**What to produce:**
Given the records underneath, please repeat exactly the lines from the line with "-KUMITE CLASSIC PRODUCER" through the line with "Conjunctivitis is the", passing over any picture.

**Data to examine:**
....

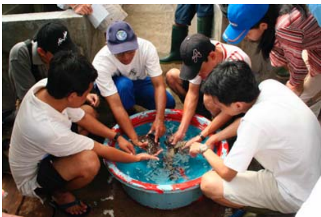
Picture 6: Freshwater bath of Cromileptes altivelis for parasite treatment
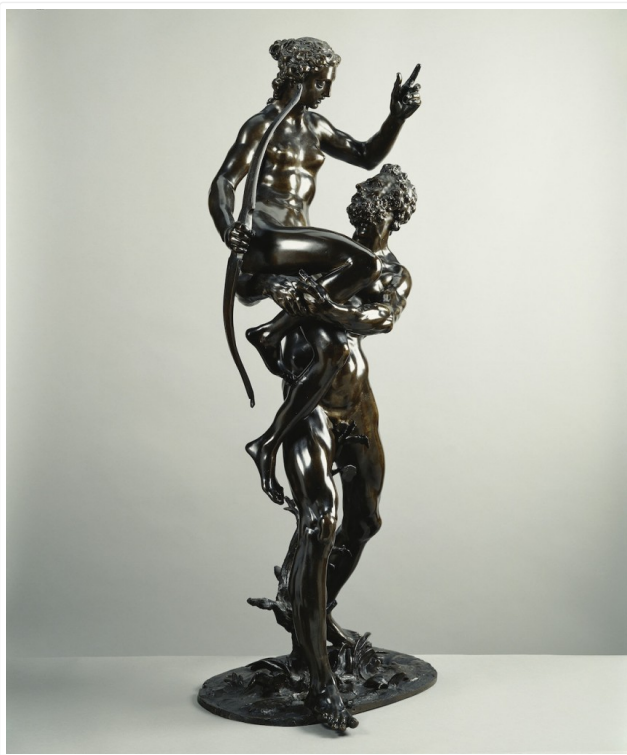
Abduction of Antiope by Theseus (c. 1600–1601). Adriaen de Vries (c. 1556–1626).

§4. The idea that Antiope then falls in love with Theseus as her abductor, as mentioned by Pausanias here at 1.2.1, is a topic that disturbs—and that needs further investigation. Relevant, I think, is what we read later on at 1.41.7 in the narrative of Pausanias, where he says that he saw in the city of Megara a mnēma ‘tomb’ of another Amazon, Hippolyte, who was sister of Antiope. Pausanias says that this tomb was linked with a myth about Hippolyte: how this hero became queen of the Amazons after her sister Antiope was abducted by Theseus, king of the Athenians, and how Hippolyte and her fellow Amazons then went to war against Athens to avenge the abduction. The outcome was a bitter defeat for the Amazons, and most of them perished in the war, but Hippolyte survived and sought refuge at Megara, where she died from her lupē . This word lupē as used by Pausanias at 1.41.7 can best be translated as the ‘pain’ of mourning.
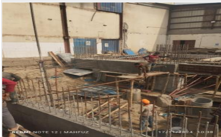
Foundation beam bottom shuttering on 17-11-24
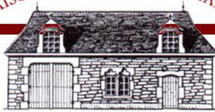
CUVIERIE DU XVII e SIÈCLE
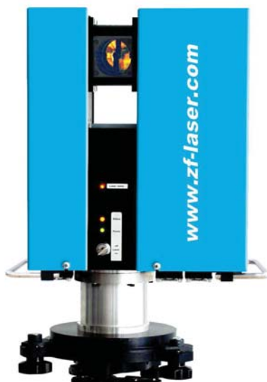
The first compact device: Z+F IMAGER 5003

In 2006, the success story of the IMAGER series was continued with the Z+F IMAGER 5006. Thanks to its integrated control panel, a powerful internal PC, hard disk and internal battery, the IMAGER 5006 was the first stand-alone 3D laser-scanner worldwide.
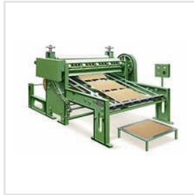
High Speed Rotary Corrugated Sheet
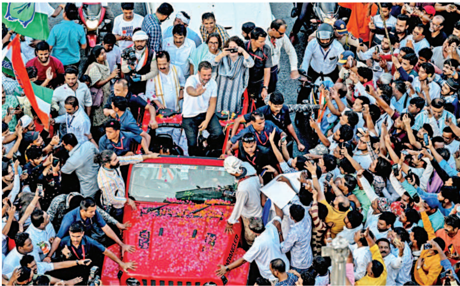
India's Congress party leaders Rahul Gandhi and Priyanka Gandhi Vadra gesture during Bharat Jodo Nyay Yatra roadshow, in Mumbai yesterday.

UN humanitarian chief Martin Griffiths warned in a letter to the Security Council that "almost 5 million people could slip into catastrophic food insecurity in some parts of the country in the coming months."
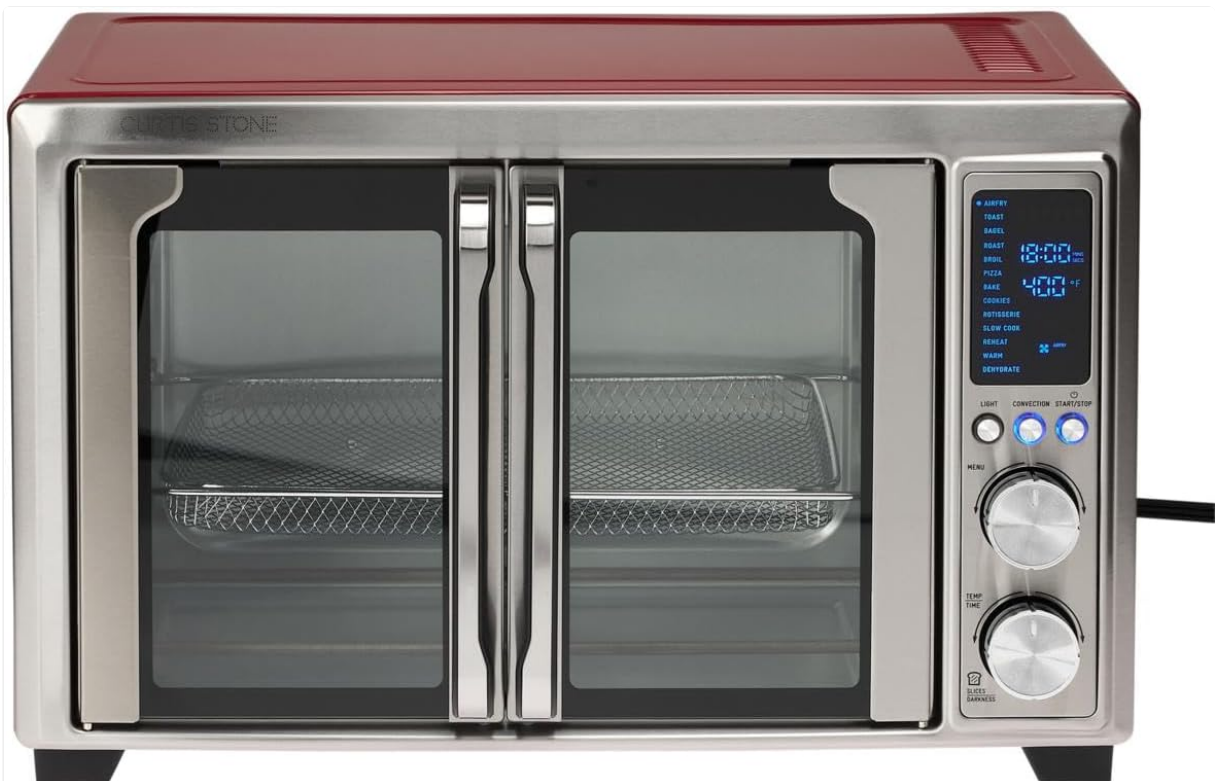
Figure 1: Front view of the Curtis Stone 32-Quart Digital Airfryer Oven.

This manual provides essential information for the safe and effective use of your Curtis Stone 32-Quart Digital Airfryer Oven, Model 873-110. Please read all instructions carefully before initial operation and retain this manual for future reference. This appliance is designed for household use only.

....

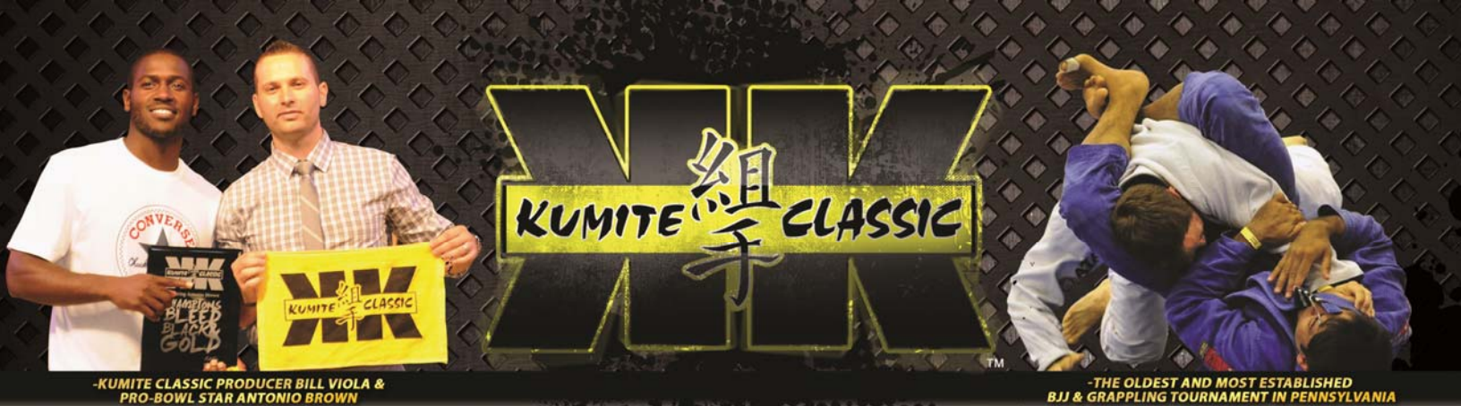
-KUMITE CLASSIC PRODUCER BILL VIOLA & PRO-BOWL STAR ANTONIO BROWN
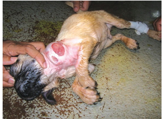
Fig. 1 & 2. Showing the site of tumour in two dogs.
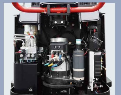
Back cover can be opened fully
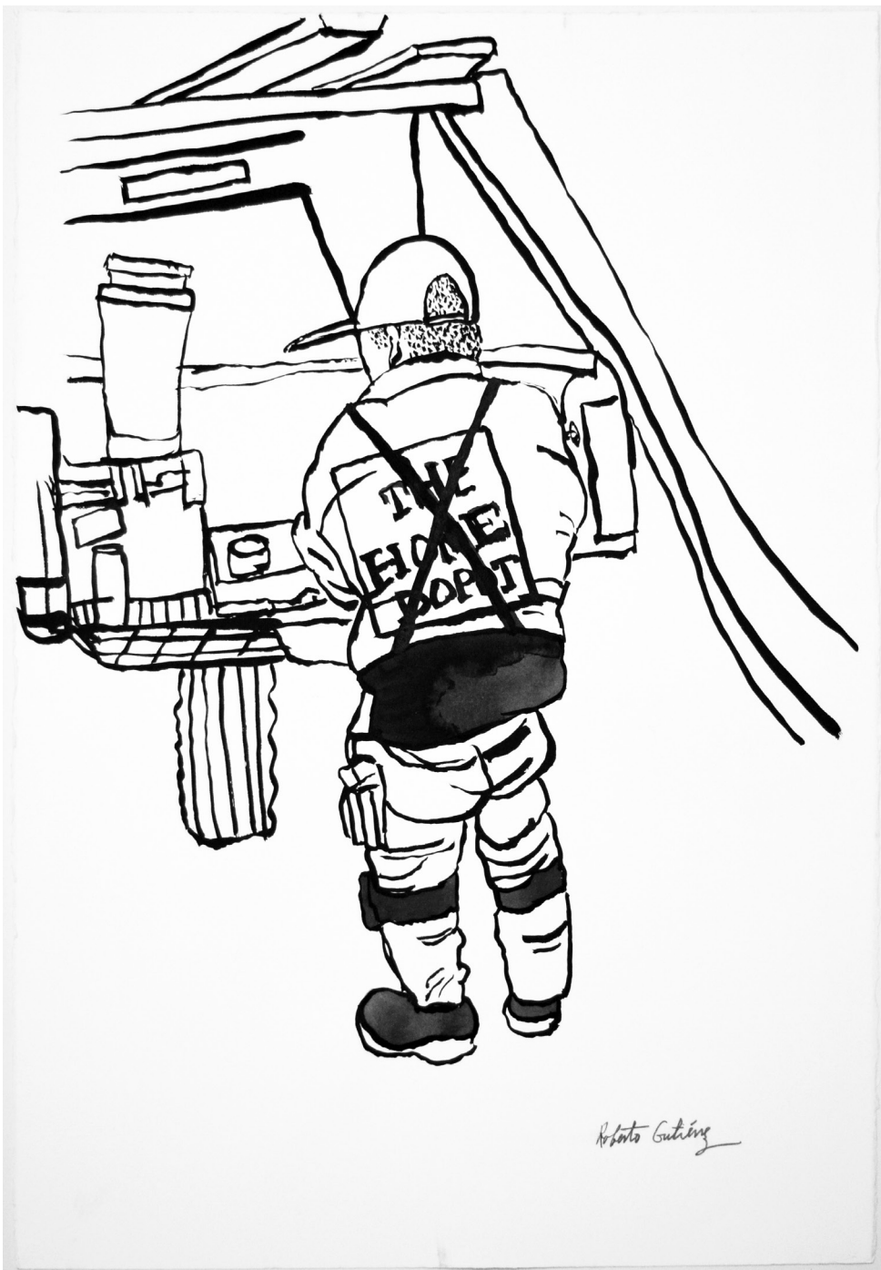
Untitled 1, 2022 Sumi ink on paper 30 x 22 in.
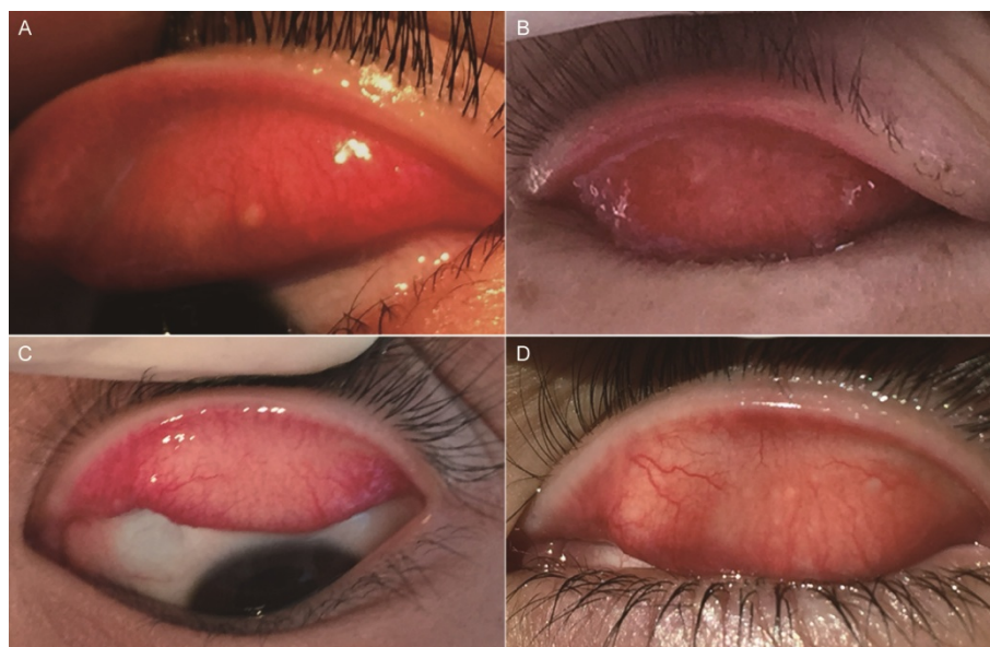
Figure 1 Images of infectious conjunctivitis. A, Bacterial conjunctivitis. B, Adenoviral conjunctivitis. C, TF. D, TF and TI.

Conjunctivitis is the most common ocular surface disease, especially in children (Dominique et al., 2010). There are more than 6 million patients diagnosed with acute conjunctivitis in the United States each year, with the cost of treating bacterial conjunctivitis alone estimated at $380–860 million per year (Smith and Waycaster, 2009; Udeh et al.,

....

**Your response:**
-KUMITE CLASSIC PRODUCER BILL VIOLA & PRO-BOWL STAR ANTONIO BROWN
Fig. 1 & 2. Showing the site of tumour in two dogs.
Back cover can be opened fully
Untitled 1, 2022 Sumi ink on paper 30 x 22 in.
Figure 1 Images of infectious conjunctivitis. A, Bacterial conjunctivitis. B, Adenoviral conjunctivitis. C, TF. D, TF and TI.

Conjunctivitis is the most common ocular surface disease, especially in children (Dominique et al., 2010). There are more than 6 million patients diagnosed with acute conjunctivitis in the United States each year, with the cost of treating bacterial conjunctivitis alone estimated at $380–860 million per year (Smith and Waycaster, 2009; Udeh et al.,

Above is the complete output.